Task:
Print the data below exactly, but only the lines from the one containing "The Kickmaster range" down to the one containing "This page presents", inclusive.

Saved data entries

============================================================

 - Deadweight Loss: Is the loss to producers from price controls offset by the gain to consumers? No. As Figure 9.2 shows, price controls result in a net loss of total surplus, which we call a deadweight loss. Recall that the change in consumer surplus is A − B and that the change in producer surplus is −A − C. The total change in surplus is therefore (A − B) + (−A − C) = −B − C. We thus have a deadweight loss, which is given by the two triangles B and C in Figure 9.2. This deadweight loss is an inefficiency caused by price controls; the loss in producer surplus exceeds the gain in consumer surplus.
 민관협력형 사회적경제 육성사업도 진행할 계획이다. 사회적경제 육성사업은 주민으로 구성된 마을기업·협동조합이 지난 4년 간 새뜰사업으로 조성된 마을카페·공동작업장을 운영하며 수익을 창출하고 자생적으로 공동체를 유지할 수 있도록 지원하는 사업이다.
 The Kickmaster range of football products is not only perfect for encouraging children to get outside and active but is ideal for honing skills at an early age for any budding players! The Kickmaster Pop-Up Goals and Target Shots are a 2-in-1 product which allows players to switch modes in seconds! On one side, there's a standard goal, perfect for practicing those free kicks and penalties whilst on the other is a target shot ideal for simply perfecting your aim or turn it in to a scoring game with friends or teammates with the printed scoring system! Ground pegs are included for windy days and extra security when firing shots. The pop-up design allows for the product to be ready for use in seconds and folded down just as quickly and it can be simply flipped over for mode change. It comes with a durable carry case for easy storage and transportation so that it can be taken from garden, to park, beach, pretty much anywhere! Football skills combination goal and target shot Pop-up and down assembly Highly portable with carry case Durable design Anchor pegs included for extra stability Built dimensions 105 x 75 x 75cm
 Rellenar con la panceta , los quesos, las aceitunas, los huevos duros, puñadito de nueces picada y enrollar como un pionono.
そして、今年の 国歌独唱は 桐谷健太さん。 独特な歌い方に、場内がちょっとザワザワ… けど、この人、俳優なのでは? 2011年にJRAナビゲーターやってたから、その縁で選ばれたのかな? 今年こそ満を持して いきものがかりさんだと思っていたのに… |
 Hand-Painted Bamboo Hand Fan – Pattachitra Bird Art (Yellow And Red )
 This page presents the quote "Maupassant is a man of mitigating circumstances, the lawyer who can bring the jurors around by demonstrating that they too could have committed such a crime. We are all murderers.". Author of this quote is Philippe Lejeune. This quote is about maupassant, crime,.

============================================================

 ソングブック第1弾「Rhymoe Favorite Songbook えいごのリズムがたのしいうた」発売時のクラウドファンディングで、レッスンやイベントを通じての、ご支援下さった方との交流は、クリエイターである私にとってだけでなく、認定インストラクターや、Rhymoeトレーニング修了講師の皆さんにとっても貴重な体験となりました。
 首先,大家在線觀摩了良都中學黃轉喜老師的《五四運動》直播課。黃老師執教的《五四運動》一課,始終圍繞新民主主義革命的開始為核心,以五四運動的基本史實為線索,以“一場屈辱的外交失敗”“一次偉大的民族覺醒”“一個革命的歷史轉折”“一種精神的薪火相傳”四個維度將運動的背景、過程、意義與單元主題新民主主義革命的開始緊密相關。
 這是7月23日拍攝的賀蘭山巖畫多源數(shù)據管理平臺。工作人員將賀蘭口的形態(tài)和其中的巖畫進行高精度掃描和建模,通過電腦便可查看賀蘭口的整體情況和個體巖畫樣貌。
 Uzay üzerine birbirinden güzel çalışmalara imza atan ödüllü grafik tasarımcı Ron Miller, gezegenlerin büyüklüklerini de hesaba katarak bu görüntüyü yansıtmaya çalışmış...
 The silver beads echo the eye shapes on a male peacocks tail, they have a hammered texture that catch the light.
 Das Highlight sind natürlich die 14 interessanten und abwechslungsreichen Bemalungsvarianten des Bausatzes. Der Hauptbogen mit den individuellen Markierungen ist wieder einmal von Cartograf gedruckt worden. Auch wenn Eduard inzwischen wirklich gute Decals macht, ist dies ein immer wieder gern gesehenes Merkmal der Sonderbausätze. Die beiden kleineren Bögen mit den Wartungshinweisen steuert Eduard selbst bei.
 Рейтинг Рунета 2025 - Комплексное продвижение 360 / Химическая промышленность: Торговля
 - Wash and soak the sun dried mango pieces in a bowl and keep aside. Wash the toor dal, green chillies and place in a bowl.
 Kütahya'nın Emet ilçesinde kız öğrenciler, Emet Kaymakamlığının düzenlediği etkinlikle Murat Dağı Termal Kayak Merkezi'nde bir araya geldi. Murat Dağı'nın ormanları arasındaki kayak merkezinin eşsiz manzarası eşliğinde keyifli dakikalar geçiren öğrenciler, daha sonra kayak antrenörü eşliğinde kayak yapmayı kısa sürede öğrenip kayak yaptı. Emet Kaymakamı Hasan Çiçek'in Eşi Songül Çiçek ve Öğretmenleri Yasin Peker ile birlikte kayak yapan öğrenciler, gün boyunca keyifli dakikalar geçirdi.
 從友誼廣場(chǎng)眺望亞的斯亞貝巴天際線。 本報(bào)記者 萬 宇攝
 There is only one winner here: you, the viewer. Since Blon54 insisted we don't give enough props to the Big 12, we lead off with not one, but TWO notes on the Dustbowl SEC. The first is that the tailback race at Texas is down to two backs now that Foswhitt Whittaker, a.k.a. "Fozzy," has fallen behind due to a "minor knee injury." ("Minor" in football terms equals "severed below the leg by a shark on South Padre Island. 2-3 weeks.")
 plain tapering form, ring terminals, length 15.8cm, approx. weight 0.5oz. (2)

============================================================

Written solution:
 The Kickmaster range of football products is not only perfect for encouraging children to get outside and active but is ideal for honing skills at an early age for any budding players! The Kickmaster Pop-Up Goals and Target Shots are a 2-in-1 product which allows players to switch modes in seconds! On one side, there's a standard goal, perfect for practicing those free kicks and penalties whilst on the other is a target shot ideal for simply perfecting your aim or turn it in to a scoring game with friends or teammates with the printed scoring system! Ground pegs are included for windy days and extra security when firing shots. The pop-up design allows for the product to be ready for use in seconds and folded down just as quickly and it can be simply flipped over for mode change. It comes with a durable carry case for easy storage and transportation so that it can be taken from garden, to park, beach, pretty much anywhere! Football skills combination goal and target shot Pop-up and down assembly Highly portable with carry case Durable design Anchor pegs included for extra stability Built dimensions 105 x 75 x 75cm
 Rellenar con la panceta , los quesos, las aceitunas, los huevos duros, puñadito de nueces picada y enrollar como un pionono.
そして、今年の 国歌独唱は 桐谷健太さん。 独特な歌い方に、場内がちょっとザワザワ… けど、この人、俳優なのでは? 2011年にJRAナビゲーターやってたから、その縁で選ばれたのかな? 今年こそ満を持して いきものがかりさんだと思っていたのに… |
 Hand-Painted Bamboo Hand Fan – Pattachitra Bird Art (Yellow And Red )
 This page presents the quote "Maupassant is a man of mitigating circumstances, the lawyer who can bring the jurors around by demonstrating that they too could have committed such a crime. We are all murderers.". Author of this quote is Philippe Lejeune. This quote is about maupassant, crime,.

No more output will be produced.